▶ _Description of the task_:
When you return the lines below, go from the first through the line with "4910 - هارون", keep them exact, and leave out every picture.

[Collected data]
══════

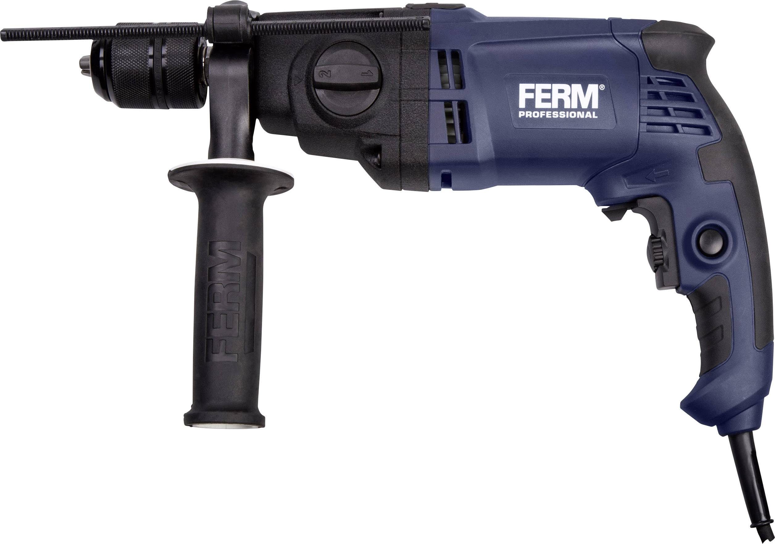 Dieser FERM 1050-Watt Professional Schalbohrhammer mit 2 Gang ist die ideale Maschine für bohren in Holz, Metall, Beton und Stein. So können Sie mit dem PDM1045P_K bis 30 mm in Holz, 20 mm in Beton und 13 mm in Stahl bohren.
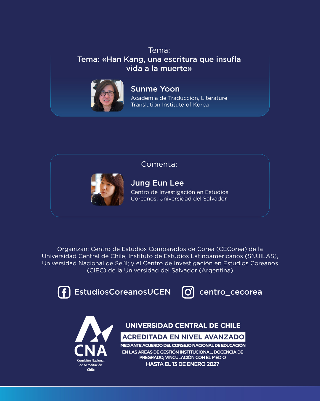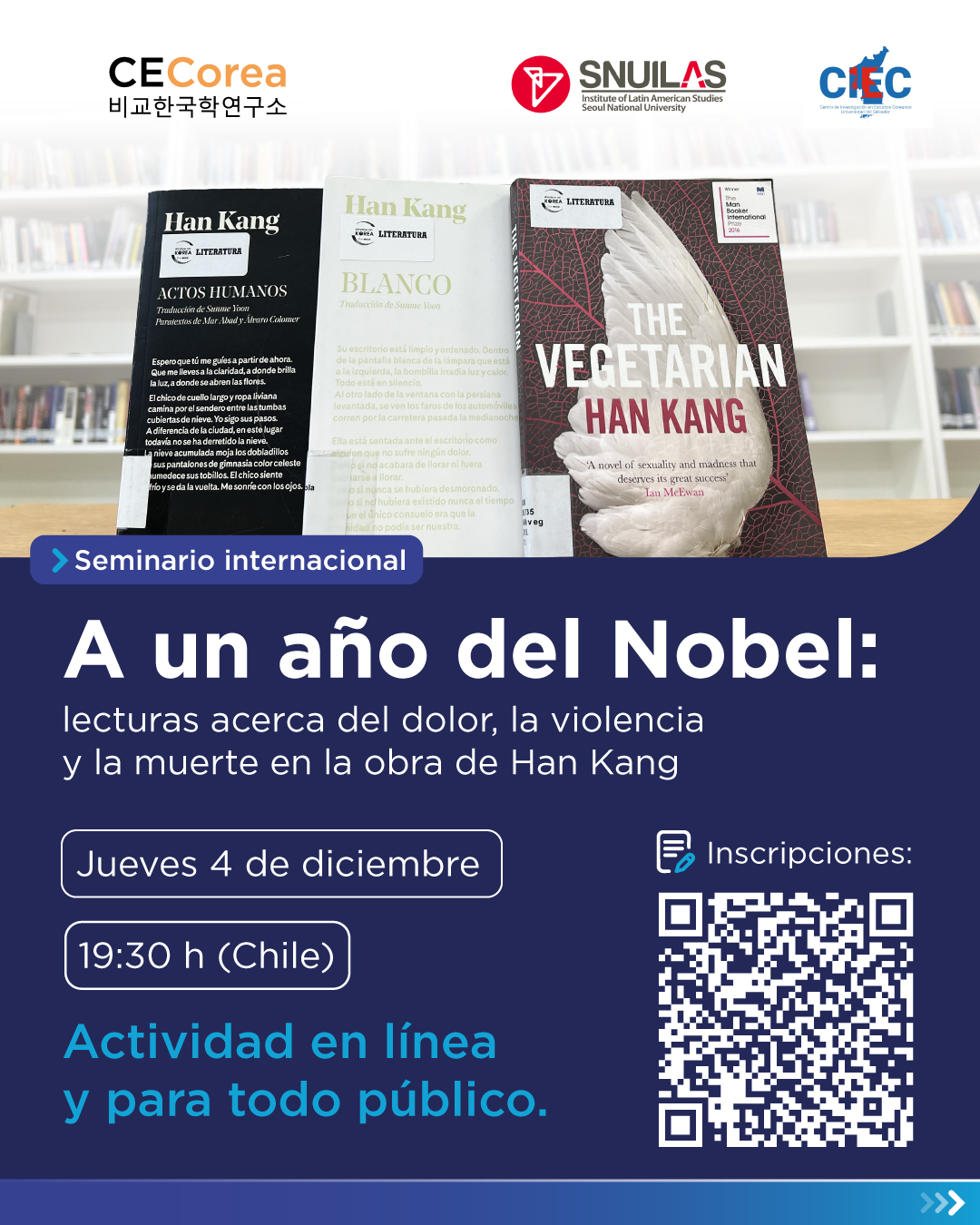 서울대학교 라틴아메리카연구소는 칠레센트랄대학교 비교한국학연구소와 아르헨티나 살바도르대학교 한국학연구센터와 함께 한강 노벨문학상 1년을 기념하는 온라인 학술행사를 개최합니다.
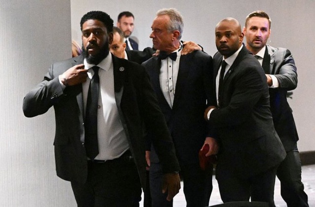 Others yelled to duck. From one corner, a “God Bless America” chant began as Trump was escorted off stage. He fell briefly — he apparently tripped — and was helped up by Secret Service agents. A law enforcement official confirmed there was a shooter but no further details were immediately available. All officials protected by the Secret Service were evacuated. Organizers were attempting to resume the dinner.
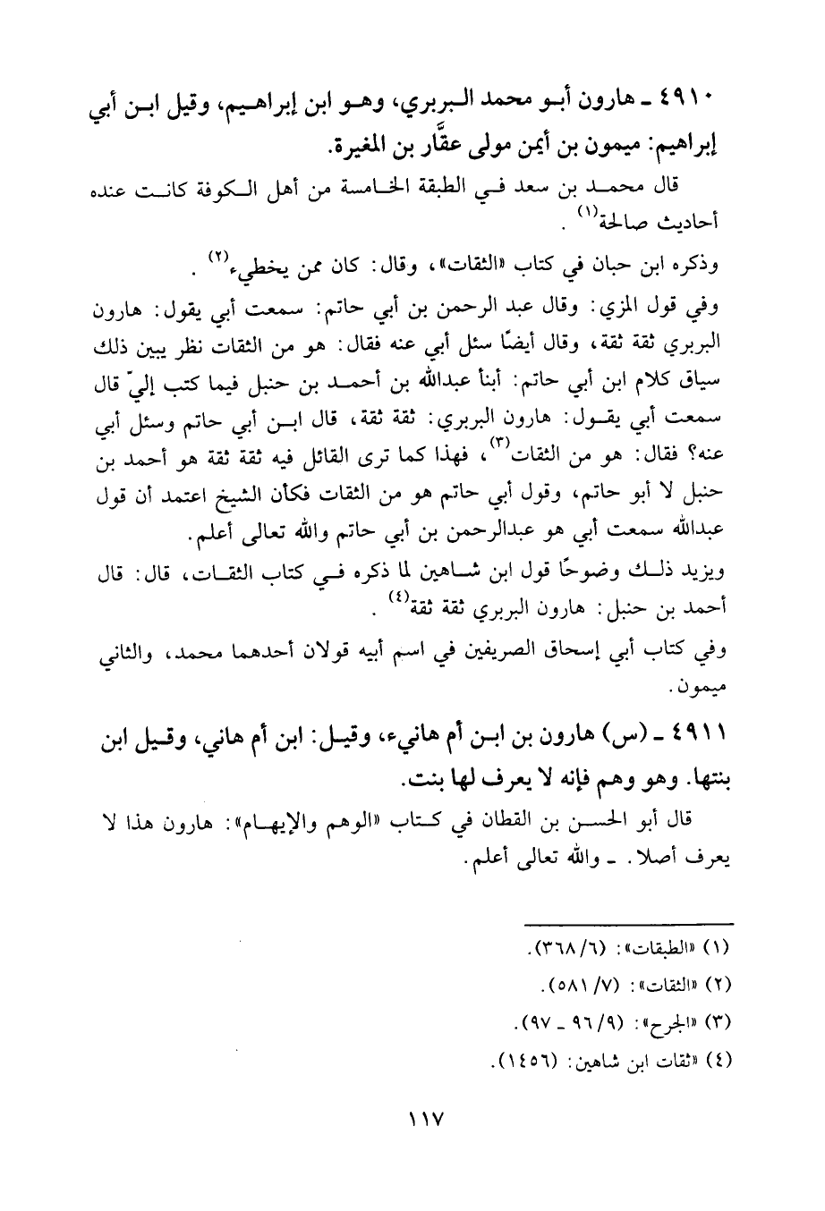 4910 - هارون أبو محمد البربري، وهو ابن إبراهيم، وقيل: ابن أبي إبراهيم: ميمون بن أيمن مولى عقار بن المغيرة.
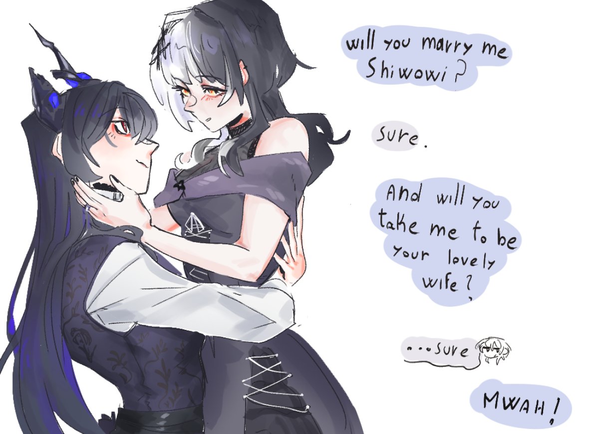 &{ID:12064698 CreatedAt:Fri Jun 06 20:31:30 -0500 2025 Score:7 Width:1182 Height:871 MD5:f1bea358bd838a03a91c193e4628caac Directory:f1/be Image:f1bea358bd838a03a91c193e4628caac.jpg Rating:general Source:https://twitter.com/TibsSketches/status/1930952114668286408 Change:1749259890 Owner:danbooru CreatorID:6498 ParentID:0 Sample:1 PreviewHeight:257 PreviewWidth:350 Tags:2girls black_dress black_hair black_vest closed_mouth commentary dress english_commentary english_text hands_on_another's_waist hololive hololive_english horns hug jewelry long_hair long_sleeves marriage_proposal multicolored_hair multiple_girls nerissa_ravencroft parted_lips purple_hair ring shiori_novella shirt simple_background smile speech_bubble tibetanyakart two-tone_hair vest virtual_youtuber wedding_ring white_background white_hair white_shirt yellow_eyes yuri Title: HasNotes:false HasComments:false FileURL:https://img2.gelbooru.com/images/f1/be/f1bea358bd838a03a91c193e4628caac.jpg PreviewURL:https://gelbooru.com/thumbnails/f1/be/thumbnail_f1bea358bd838a03a91c193e4628caac.jpg SampleURL:https://img2.gelbooru.com/samples/f1/be/sample_f1bea358bd838a03a91c193e4628caac.jpg SampleHeight:626 SampleWidth:850 Status:active PostLocked:0 HasChildren:false IsVideo:false DisplayDate:06.06.2025 20:31}
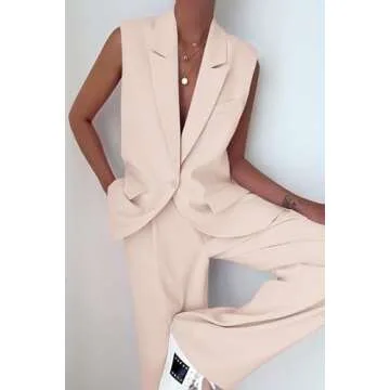 PRETTYGARDEN Womens 2 Piece Blazer Suits V Neck Sleeveless Vest Wide Leg Pants Sets Summer Matching Outfits (Beige,Small)

══════

▶ _Answer to this exercise_:
 Dieser FERM 1050-Watt Professional Schalbohrhammer mit 2 Gang ist die ideale Maschine für bohren in Holz, Metall, Beton und Stein. So können Sie mit dem PDM1045P_K bis 30 mm in Holz, 20 mm in Beton und 13 mm in Stahl bohren.
 서울대학교 라틴아메리카연구소는 칠레센트랄대학교 비교한국학연구소와 아르헨티나 살바도르대학교 한국학연구센터와 함께 한강 노벨문학상 1년을 기념하는 온라인 학술행사를 개최합니다.
 Others yelled to duck. From one corner, a “God Bless America” chant began as Trump was escorted off stage. He fell briefly — he apparently tripped — and was helped up by Secret Service agents. A law enforcement official confirmed there was a shooter but no further details were immediately available. All officials protected by the Secret Service were evacuated. Organizers were attempting to resume the dinner.
 4910 - هارون أبو محمد البربري، وهو ابن إبراهيم، وقيل: ابن أبي إبراهيم: ميمون بن أيمن مولى عقار بن المغيرة.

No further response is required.